Charles Yuji Horioka | |
---|---|
Born | |
Nationality | Japanese American |
Academic career | |
Institution | Kobe University |
Field | Economics |
Alma mater | Harvard University |
Doctoral advisor | Dale W. Jorgenson |
Influences | Martin Feldstein |
Contributions | Feldstein–Horioka puzzle |
Awards | Nakahara Prize (2001) |
Information at IDEAS / RePEc |
Charles Yuji Horioka (born September 7, 1956, in Boston, Massachusetts) is a Japanese-American economist residing in Japan. Horioka received his B.A. and Ph.D. degrees from Harvard University and is currently professor at the Research Institute for Economics and Business Administration, Kobe University, Kobe, Japan. He is concurrently distinguished research professor and director at the Asian Growth Research Institute (Kitakyushu City, Japan) and invited professor and professor emeritus at the Institute of Social and Economic Research, Osaka University (Osaka, Japan). Previously, he taught at Stanford, Columbia, Kyoto, and Osaka Universities and the University of the Philippines, Diliman, where he was Vea Family Professor of Technology and Evolutionary Economics Centennial. He became president of the Society of Economics of the Household (SEHO) in 2021, vice-president of the Japanese Economic Association in 2022, and council member of the International Association for Research on Income and Wealth (IARIW) in 2018. He served as co-editor of the International Economic Review for 15 years (from 1998 until 2013) and is currently co-editor of the Review of Economics of the Household and associate editor or editorial advisor of many economics journals. He is also a research associate and co-director of the Japan Project of the National Bureau of Economic Research (NBER, Cambridge, Massachusetts).

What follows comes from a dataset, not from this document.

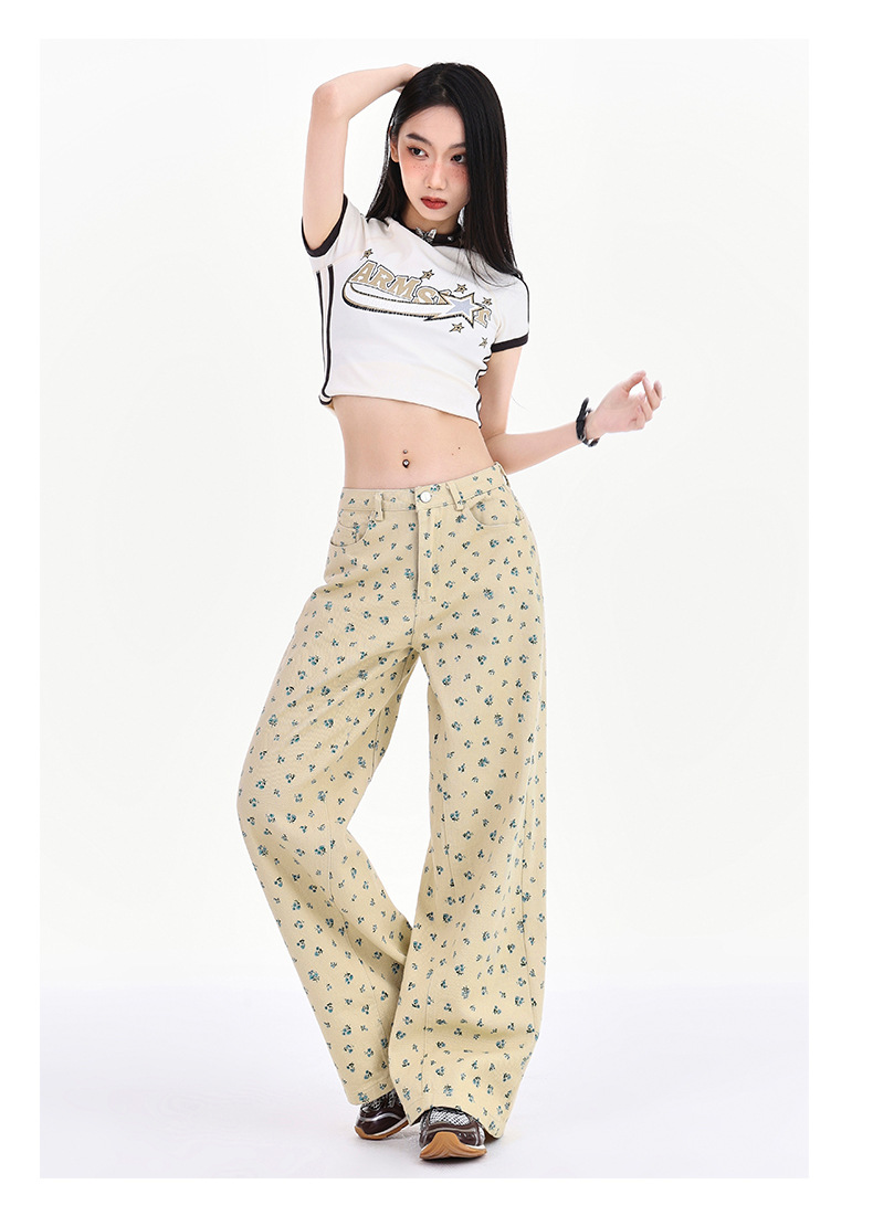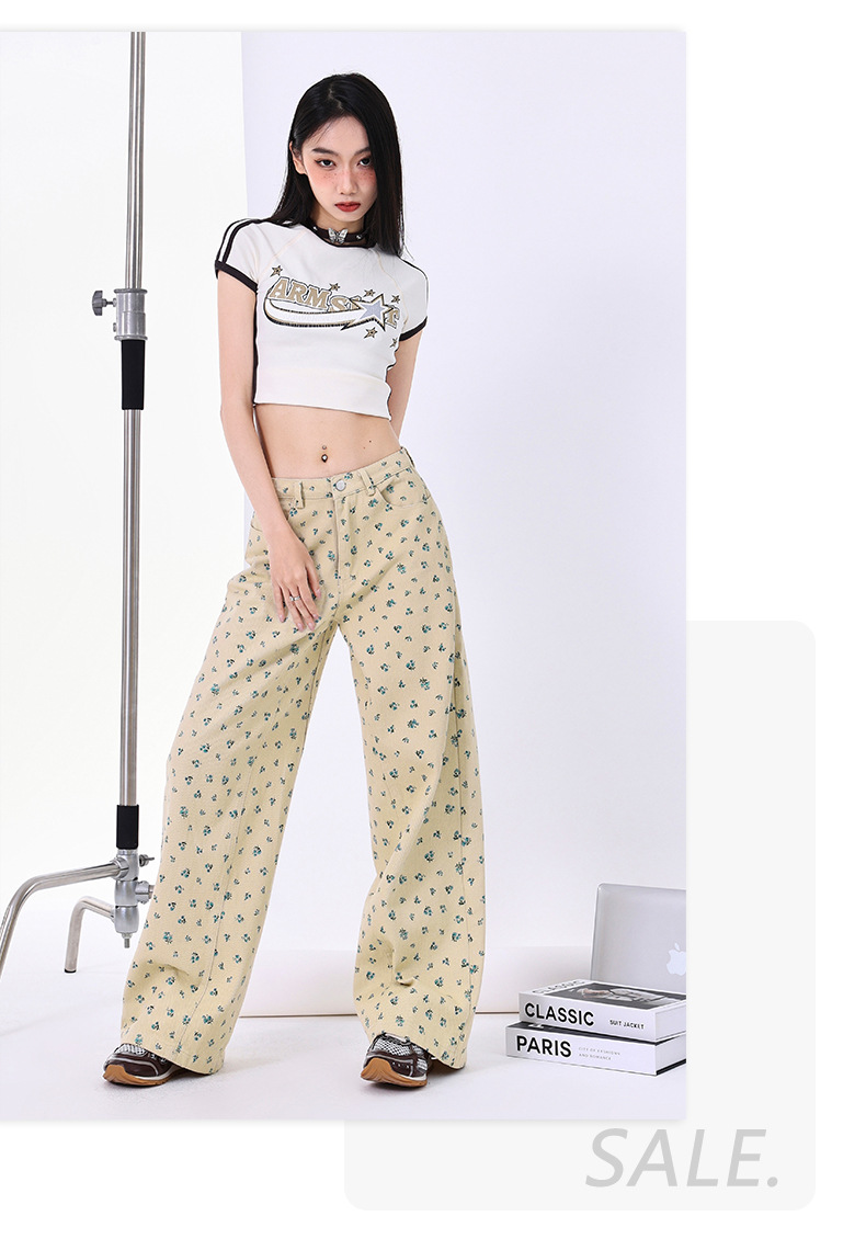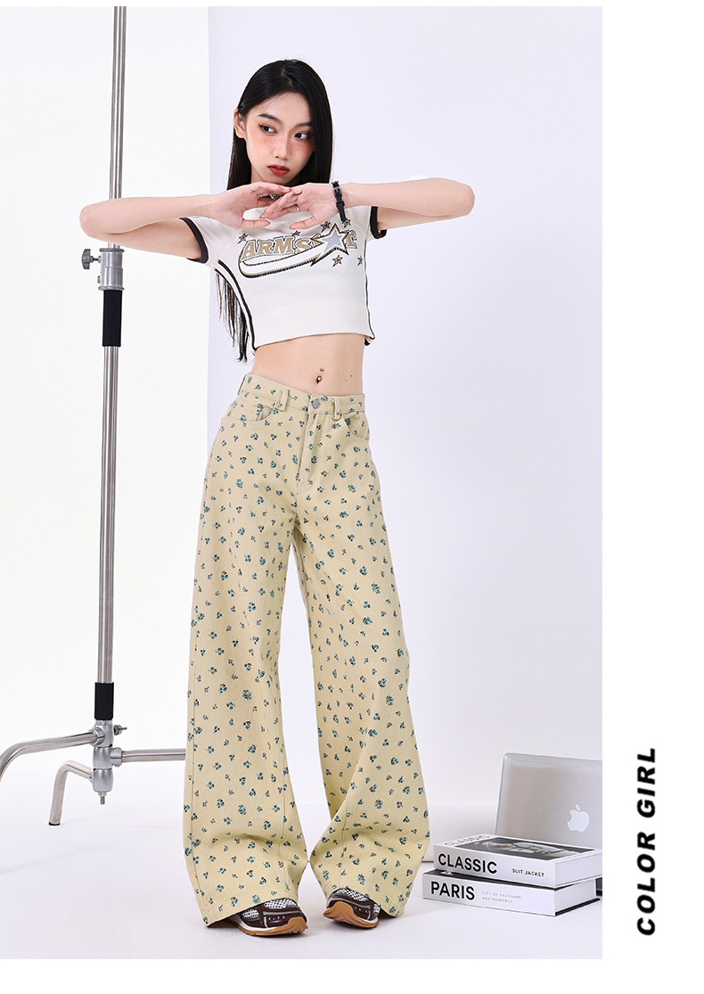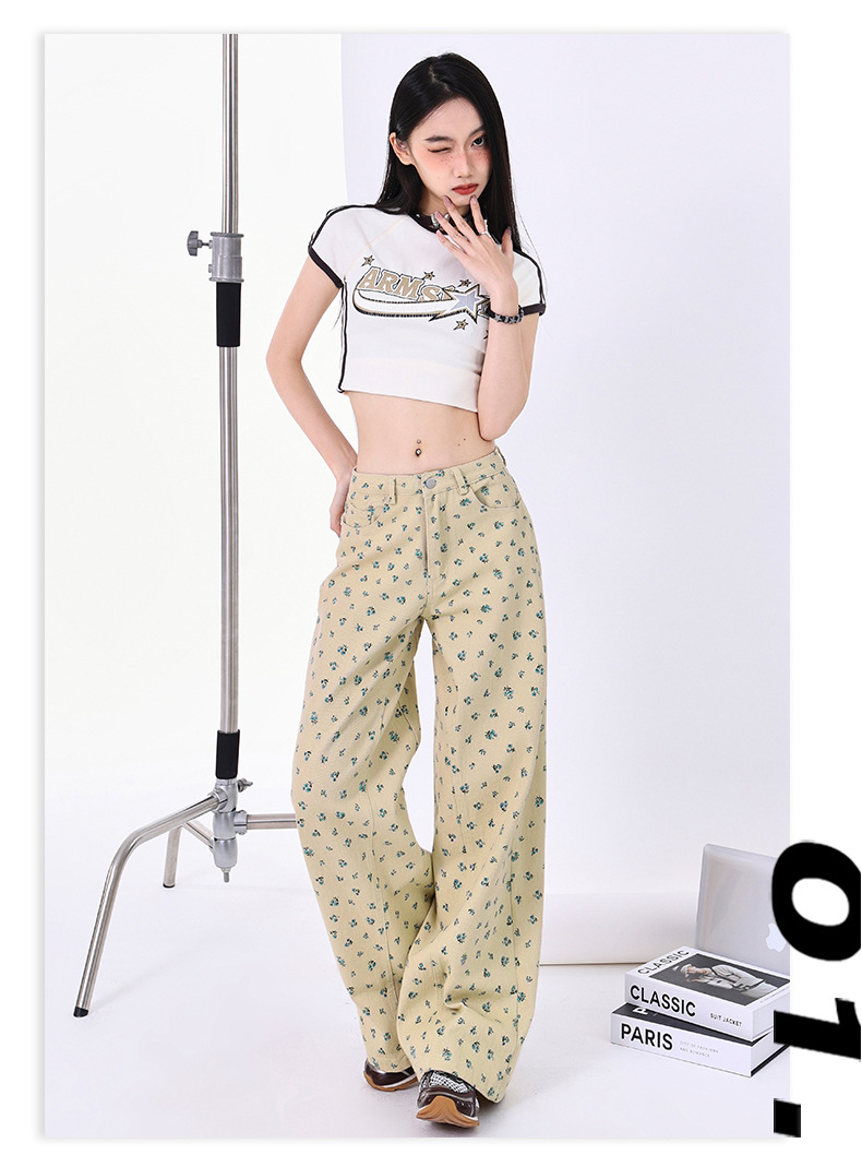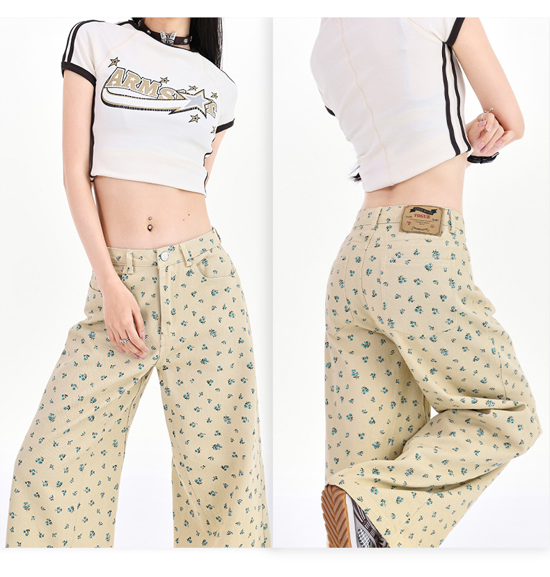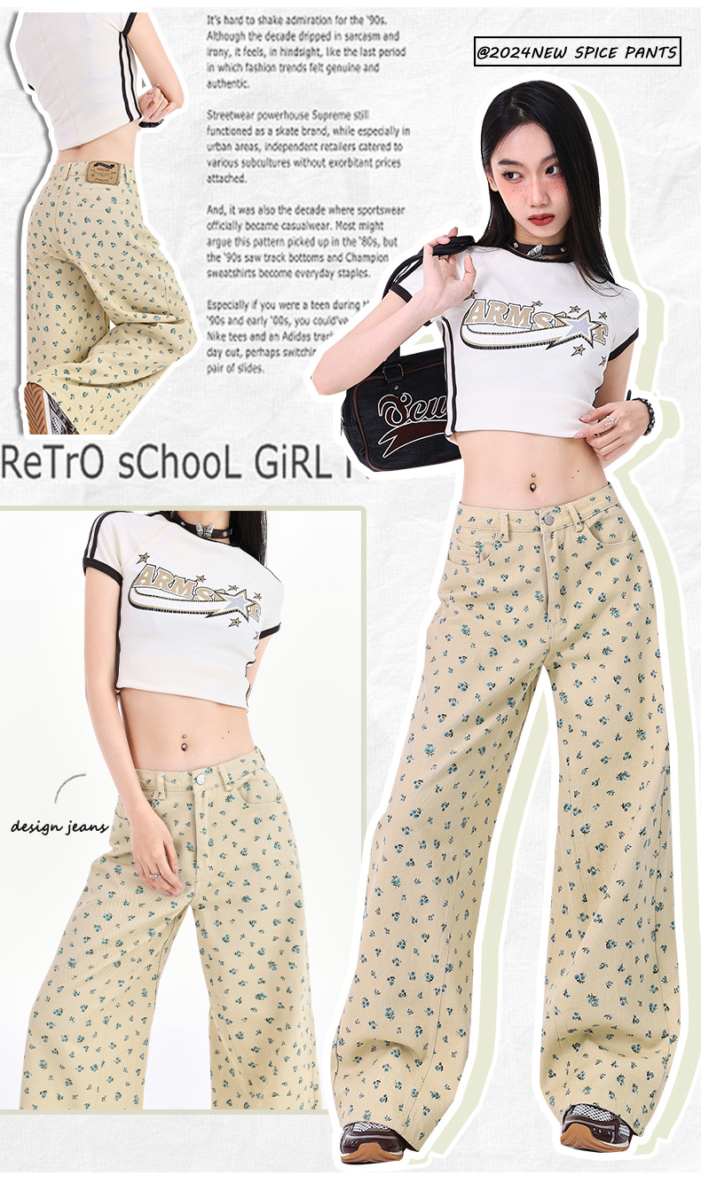 25번째 ootd!| 레트로 홍콩 스타일 작은 신선한 꽃무늬 스트레이트 청바지 슬리밍 루즈 와이드 레그 팬츠 여성용
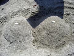 柴口から徒歩数分で海岸に到着。おお、なんかテレビで見た真夏の湘南海岸みたいな人口密度。明らかに潮干狩りの景色と異なる世界がここに広がっている。ああ、だめだこりゃ。アサリより人の方が多いに10点。でもまあやるだけやってみっぺやということで、荷物を革パンでやってきたアサリ拾う気ゼロの人に預け、麦わら帽子をかぶりサンダルに履き替えてズイズイと海の方へと歩いていくと、朝からやっているであろう人のバケツはすでにアサリで埋まっている。おお、アサリいるじゃんと足下の砂をよく見てみれば、これだけ人がいるのにそれでもアサリはゴロゴロ落ちている。誰かが撒いている訳でもないのにこの高アサリ指数。素晴らしいね海の公園。

In his article with Martin Feldstein, "Domestic Saving and International Capital Flows", published in the Economic Journal in 1980, Horioka documented a positive correlation between long-term savings and investment rates across countries. This result has come to be known as the Feldstein–Horioka puzzle or paradox and the article is one of the most cited in international finance. His specialties are macroeconomics, household and family economics, the Japanese economy, and the Asian economies, and he has written numerous scholarly articles on consumption, saving, and bequest behavior and parent-child relations in Japan, the United States, China, India, Korea, and Asia more generally.
In 2001, Horioka was awarded the Seventh Japanese Economic Association Nakahara Prize (the Japanese equivalent of the John Bates Clark Medal), which is given annually to the most outstanding Japanese economist aged 45 or younger. According to the Research Papers in Economics (RePEc)/IDEAS rankings, he ranks sixth among economists living in Japan and has about 9000 Google Scholar citations.